Unconditional and Immediate Surrender February 16, 2012Brooks D. Simpson It was 150 years ago today that the Union cause found its Jeremy Lin in Ulysses S. Grant. Share this:FacebookTwitterEmailLike this:Like Loading... Related
“There was nothing about Ulysses S. Grant that struck the eye; and this puzzled people, after it was all over, because it seemed reasonable that greatness, somewhere along the line, should look like greatness. Grant could never look like anything, and he could never make the things he did look very special; and afterward men could remember nothing more than the fact that when he came around things seemed to happen. The most they could say, usually, was that U. S. Grant had a good deal of common sense.”
Bruce Catton, _Grant Moves South_ (Boston: Little Brown, 1960), 15
A nice analogy, Brooks. McClellan looked the part, but Grant got the job done. Although I still wonder sometimes what the heck he was doing at Cold Harbor. Oh well, even the best generals have their off days.
Well, you might start here:
That’s some serious stones there.
“It is the east, and New York is the sun”
Even in black and white photography, though, he has the most amazing and compelling eyes. Not the fiery eyes of John Brown or the sad, dignified eyes of Abraham Lincoln but steady and calm. I think his calmness meant a lot. His wonderful line at the Wilderness chiding his new subordinates’ obsession over what Lee would do next (the backwards somersault quote) demonstrated that, for the first time, this was a general who was not overawed by Robert E. Lee and who firmly believed that Lee and the ANV and, thus, the Confederacy could be and would be defeated.

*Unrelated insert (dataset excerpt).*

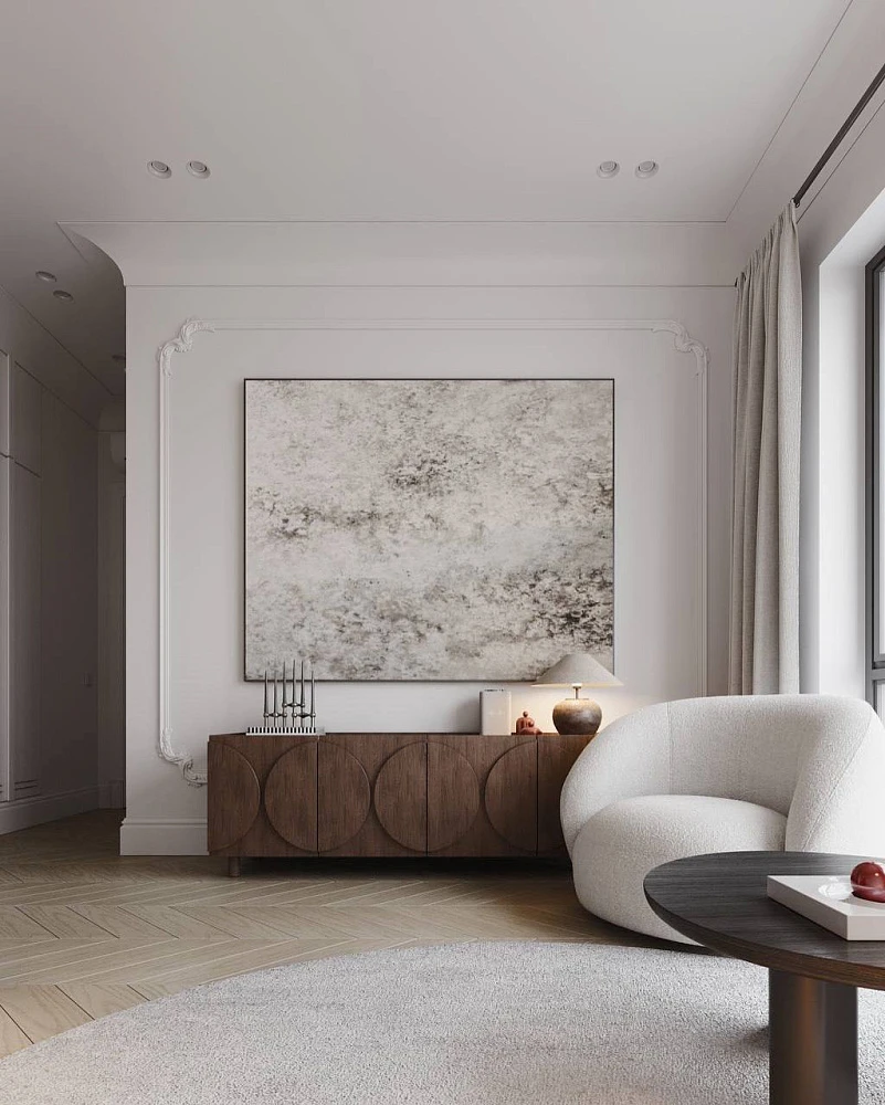 Ориентируйтесь на стиль комнаты: в классику — мягкие формы и велюр, в минимализм — чистые линии и ткань без фактуры, в лофт — металл и кожа.

Yes, the eyes are penetrating and seem the focus of that picture of him leaning against the tree. The “wonderful line” was indeed wonderful, and his quiet confidence is awe inspiring.

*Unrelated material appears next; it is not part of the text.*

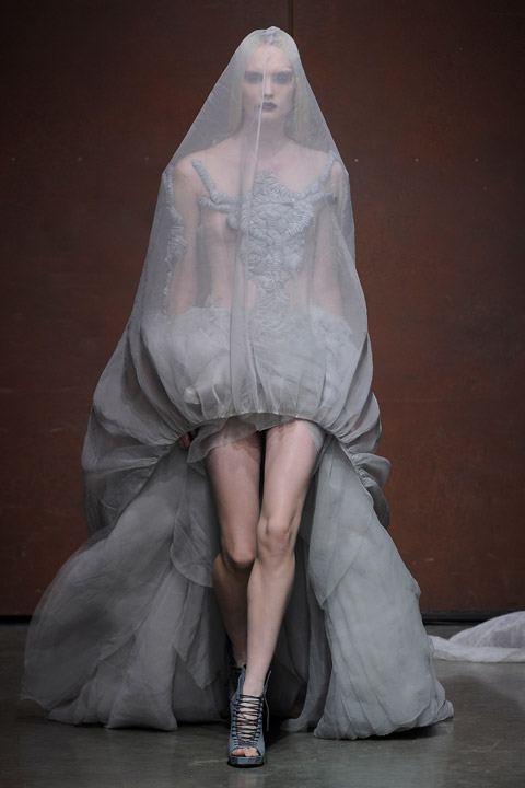 Ici, une grande robe aérienne comme un nuage blanc cache un visage de vieux sage dans son plissé. Là, un voile recouvre délicatement le haut du mannequin. On ne fait que deviner le bustier avant de pouvoir l’observer longuement au fur et à mesure que le mannequin se rapproche de nous. Le volume trouve ses lettres de noblesse.

Of course, it took a Lin-coln to recognize the latent greatness.
Also important during the Donelson campaign, for its future implications — Sherman provided logistical support and volunteered to waive (then) rank to serve under Grant, which Grant notes in his memoirs and presumably appreciated at the time.
On February 23, Sherman wrote his brother that Grant’s Donelson victory was “most extraordinary and brilliant — he was a plain, unostentatious man and a few years ago was of bad habits, but he certainly has done a brilliant act.” (Simpson & Berlin, 193.)
And don’t forget John Sherman was just not a “brother” but a prominent senator.
I just found out who this Lin fellow was the other day (I do not really follow basketball, as you might have guessed). I think the analogy is a good one.
And, as Simon Bolivar Buckner said, when Grant came to receive his surrender, “General, mi casa es su casa!”
Naturally (inevitably?), Linsanity gets a reality check in the form of a loss to the worst team in the NBA. I’m not sure what the proper analog is in USG’s history –one loss for Lin (after the Donelson-like catapult to stardom) doesn’t really equate to the first day of Shiloh. But . . . still. The Committee on the Conduct of the War needs some answers here. CRS
Looks like Jeremy Lin may not have the staying power of USG.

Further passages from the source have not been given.